Once this exercise has been completed for the entire list of shares we can then compare apples with apples and pick out the most profitable opportunities.
Risk Management
It may seem a bit strange to be looking at risk management when all we are doing is trying to win a trading competition. After all, there's no money on the table anyway. Why don't we just put all our pretend money on the best trend and hope that it doesn't falter? What's more, if it does falter we can just move all of our play money to the next best trend. But even in this instance we can employ risk management and diversification to gain an advantage.-
Imagine that the 5 best trends are as follows:
- ABC is rising at 215% per annum
- ZEN is rising at 203% per annum
- BIG is rising at 210% per annum
- NAK is rising at 209% per annum
- XYZ is rising at 153% per annum
If we apply the, All of our eggs in one basket approach then we will only own ABC, which is running up at 215% per annum.
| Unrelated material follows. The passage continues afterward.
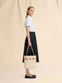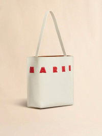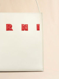 Museo hobo bag crafted from smooth calfskin leather. Small size. Embellished with contrast puffy Marni patches. Open design with single top handle. Lined interior with zip pocket and embroidered logo patch. Made in Italy MODEL SHMP0111U0P6483ZO721 COMPOSITION Body: 100% Calf Leather - Inside: 100% Calf Leather - Lining: 95% Polyester 5% Polyurethane - Metallic Parts: 100% Brass - Metallic Parts: 100% Zama

But if it falters badly and drops 20% before we sell it then we will lose 20% of our total play money.
But if we spread our money evenly across ABC, ZEN, BIG and NAK then we will still achieve an average return of 209% and a 20% fall in the price of any individual share will be diluted down to only 5% of our total play money.
However we will not diversify to the point where we are willing to accept a share with a rate of return of 153%, as is the case with XYZ. If we were to do so we would be dramatically reducing our rewards to achieve a relatively small reduction in risk. Diversification doesn't have to mean a directly proportional loss in reward with respect to reduction in risk.
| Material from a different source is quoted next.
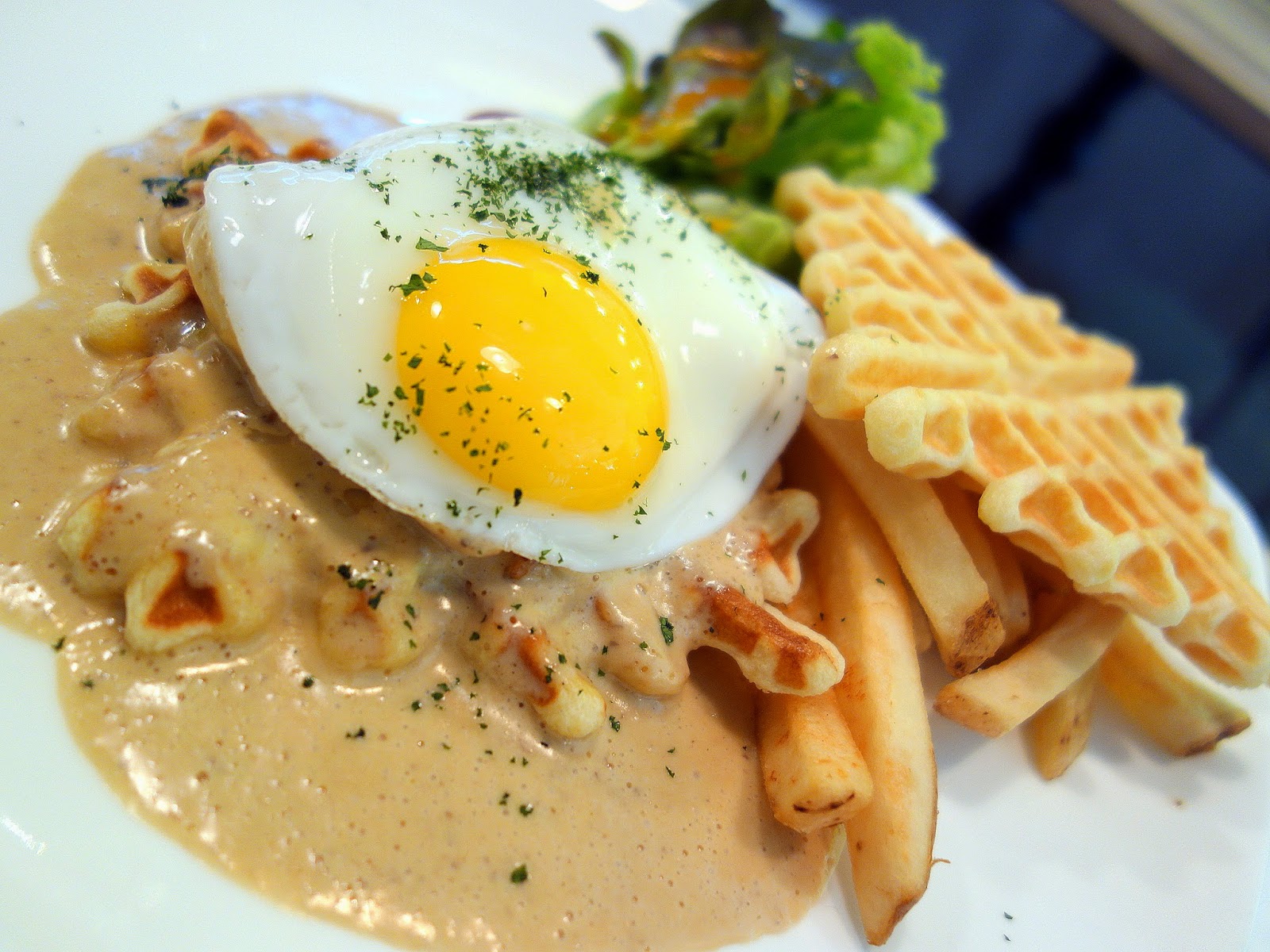 ... to savoury waffles with another temptingly runny egg, grilled chicken, melted cheese, mushroom sauce, fries & a side salad (pretty hearty comfort food; the sauce is a little one-dimensional in flavour, but this feels reasonably priced at RM15.90) ...

1 share = 215% return + 20% risk | 4 shares = 209% return + 5% risk
We will diversify our holdings to reduce risk, providing it doesn't have a substantially negative impact on our rewards.
When to buy and sell
Once we've chosen our small portfolio of upwardly mobile shares we are faced with the dilemma of when to buy into the market and when to sell. To solve this problem we can employ the use of a simple moving average. By placing a single line over the price activity, as shown in the chart below, we have defined our tolerance towards falling share prices.The line in the above chart is a 15-day SMA and we can use this line to govern our actions with respect to making buying and selling decisions. Establishing a set of fixed rules is a must:
- If the price is above the line then we can either buy or hold a share.
- If price closes below the line then we must sell the share the next day.
Here we can employ a little common sense with respect to buying shares, as it would also be prudent to buy a share when it is close to the line. We could also... Oops, my 50 minutes is up.